Меж тем война однажды кончилась. Односельчане, которые всё ждали, что Гильермо Доблес вот-вот вернётся, что подался он в партизаны, так и не дождались и наконец решили, что несчастный погиб, а потому похоронили его как полагается — правда, без тела — и поставили в северном углу кладбища крест над могильною плитой, под которой не было ни гроба, ни собственно могилы.
На захоронении Гильермо Доблеса никого не бывало, потому что жена его умерла молодой, а детей им бог не дал.
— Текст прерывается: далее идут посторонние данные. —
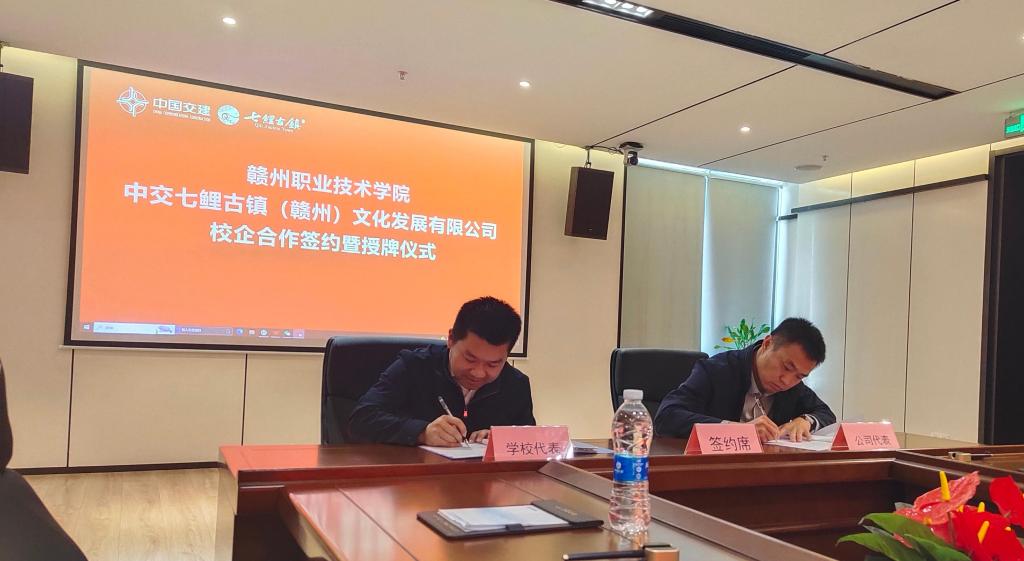 3月26日上午,學校與中交七鯉古鎮(贛州)文化發展有限公司校企合作簽約暨揭牌儀式在七鯉古鎮隆重舉行。學校黨委委員、副校長方敏,科研與對外交流合作處處長楊孟鴻,現代農林工程學院教師代表參加儀式。中交七鯉古鎮(贛州)文化發展有限公司總經理侯代英攜管理團隊成員共同參會。

Однако находились люди, что говорили, будто часто видели там Марко Сан-Херонимо, что вернулся недавно после лечения в сумасшедшем доме в Саленасе, где тосковал он год или два. Правда ли, нет ли, но, дескать, по пятницам, пока жив был Марко, последнее прибежище Гильермо Доблеса всегда было ухожено, и лежала на могильной плите одинокая чёрная роза, а Марко Сан-Херонимо, задумчиво улыбаясь, сутулился подле на большом белом камне, который подобрал бог весть где, и всё что-то бормотал себе под нос.
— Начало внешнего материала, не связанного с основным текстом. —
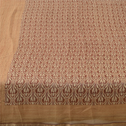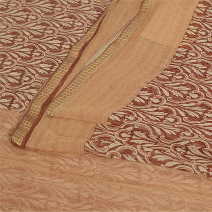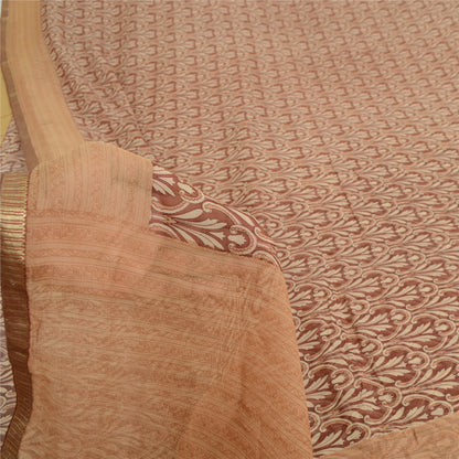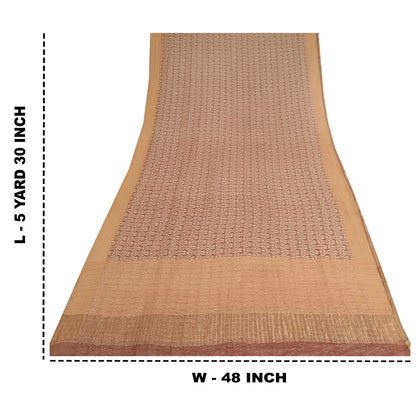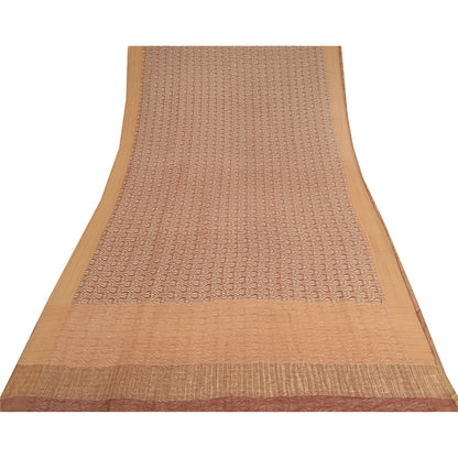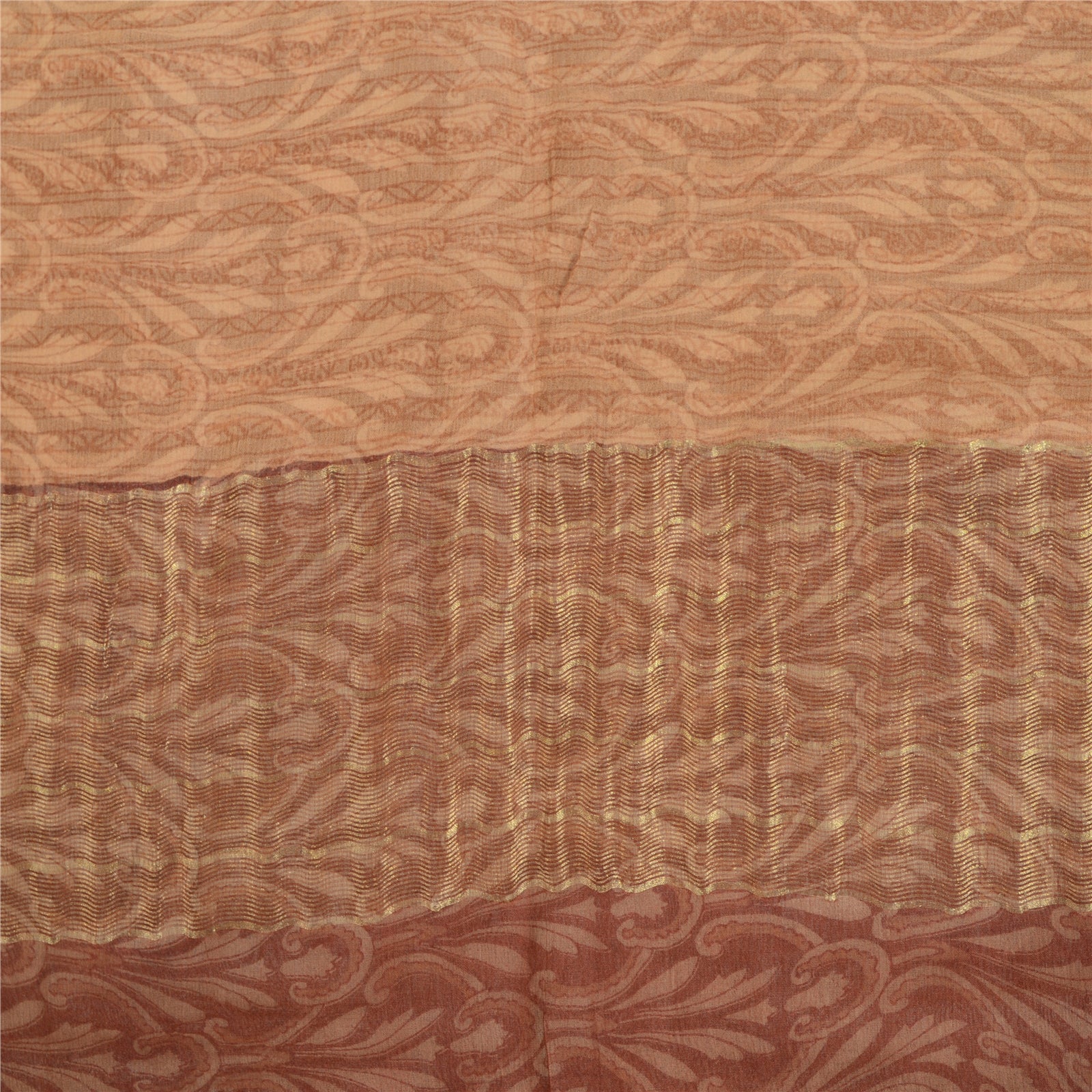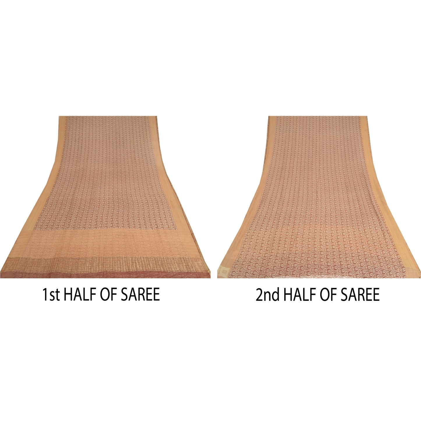 Sanskriti Vintage Sarees Red Pure Chiffon Silk Printed Zari Sari Craft Sustainable Fabric

«Не спрашивайте меня, о чём это притча, — улыбнулся падре Поликарпо, закончив. — Я знаю множество притч, но не всегда умею растолковать их смысл». Потом он обратился к Матео и Тани с такими словами: «Вы любите друг друга, дети мои, я знаю. Быть может, это… не та любовь, которая естественным образом рождается в свободном сердце, быть может, это больше сродни любви к ближнему, но… но бескорыстная любовь к ближнему ещё более возвышенна, нежели любовное чувство, возникающее между мужчиной и женщиной. Что ж, какая, в конце концов, разница, чем вызвано чувство — желанием или безнадежностью, не так ли, дети мои? Любите же, и дай вам Бог крылья».
Падре Поликарпо не забирали на допросы, не терзали пытками, не пугали расстрелом. Поначалу Матео даже позволил себе нехорошую мысль, что падре всего лишь подсадная утка, умело подобранная лейтенантом Луисом Бастиани: не добившись желаемого от Тани, он мог попробовать ещё раз, и фигура доброго и слабого священника в таком случае была весьма подходящей для того, чтобы попробовать вывести Матео Сакраменто на откровенность.